After months of fierce fighting, ISIS captured the town of Palmyra northeast of Syria’s capital Damascus on Thursday, leaving the group in control of more than half of the country’s territory — and raising fears among experts that its fighters will begin smashing spectacular ancient sites.
Set on the strategic road linking Damascus to Deir al-Zour in eastern Syria, Palmyra contains ruins dating back 2,000 years from what was once one of the most prosperous and culturally rich cities of the Roman Empire. Until war erupted in 2011, thousands of tourists visited the site, which adjoins the modern-day town of Palmyra. In the middle of the ancient city is a colonnaded street, and nearby is a huge ancient amphitheater, and towering ancient temples with monumental arches and columns.
Those are all irreplaceable historic treasures, say cultural experts. “Any destruction of Palmyra is not just a war crime, it will mean an enormous loss for humanity,” Irina Bokova, director general of UNESCO, the U.N.’s cultural organization, said in a video appeal early Thursday, just hours before the militant group, the Islamic State of Iraq and Greater Syria, seized control of the city. “We just have to make everything possible to prevent its destruction.

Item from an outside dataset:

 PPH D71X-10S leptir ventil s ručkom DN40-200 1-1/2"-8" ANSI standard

We need total mobilization of the international community.”
ISIS’s capture of Palmyra comes after months in which its fighters have systematically destroyed ancient ruins and artifacts, including smashing statues in the museum of Mosul, which the group captured last June. ISIS claims the antiquities, which far predate the arrival of Islam, represent idol worship, which violates the group’s ideals. Both Iraq and Syria were key trading centers for the ancient empires and contain numerous important sites.

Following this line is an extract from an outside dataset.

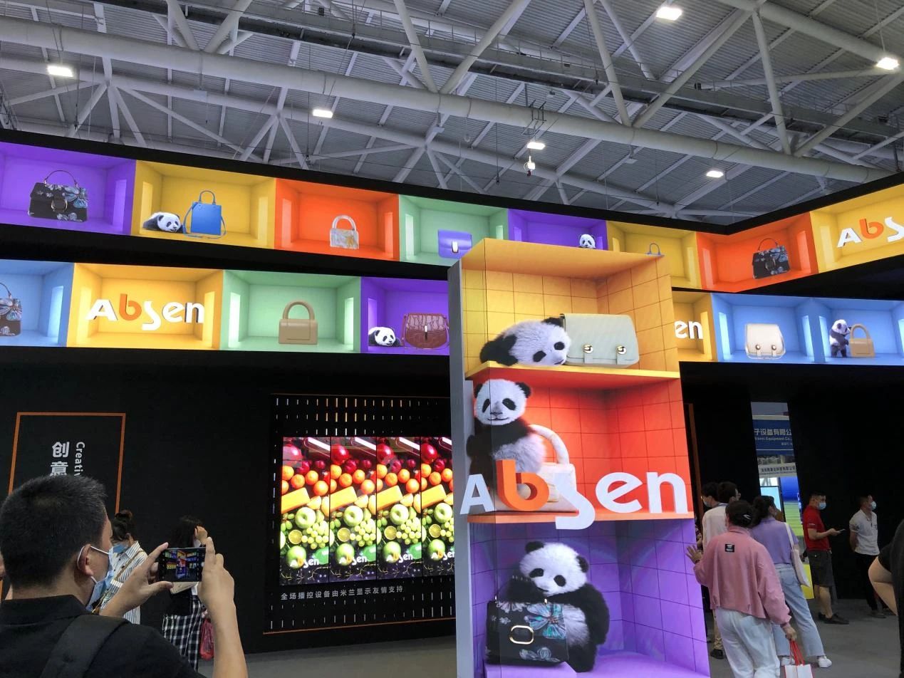 艾比森創(chuàng)意零售顯示將前沿AR技術與高清大屏結合打造3D視衣系統,觀眾在現場可實現“一秒換裝”,艾比森Micro LED產品具有畫質均衡細膩、可視度佳、低功耗、智慧顯示、產品輕薄等

Quantities of ancient artifacts have also been lost to looting and smuggling, with Syrians selling them to criminal networks across the border for trade on international markets. UNESCO staff have helped Syrians to ferry artifacts out of the war zone, and have trained Interpol, border officials and even art auctioneers in how to detect looted items. “We’re doing a lot of effort on all movable objects to get them to safer places,” says Karim Hendili of UNESCO’s World Heritage Center in Paris. UNESCO declared the ancient city a world heritage site in 1980.
As ISIS fighters steadily closed in on the city in recent weeks, Syrians began a furious effort to smuggle out to safety whatever antiquities they could, in order to prevent them being destroyed, should Palmyra fall. The effort began two months ago and accelerated this month as ISIS’s victory looked increasingly likely, according to Cheikmous Ali, of the Association for the Protection of Syrian Archaeology, a volunteer group that has coordinated clandestine rescues for ancient items in areas now controlled by ISIS. Ali told the BBC on Thursday that the group had managed to remove many antiquities from Palmyra. “Some objects are still there,” he said. “It is not 100% empty.”
But experts cannot say for sure how much of Palmyra’s ancient treasures might have been lost or destroyed in years of war. Indeed, they might well have to wait until ISIS posts video from the ground, before knowing the true extent of what has been lost, or is at risk. “As long as we cannot go on the ground to assess accurately it is difficult to say,” Hendili tells TIME. “What we know is that recently the fighting between the Syrian government and the extremists got closer and closer to the site. But the site is very big, with an oasis and a citadel. We will have to cross-check before we know the situation.”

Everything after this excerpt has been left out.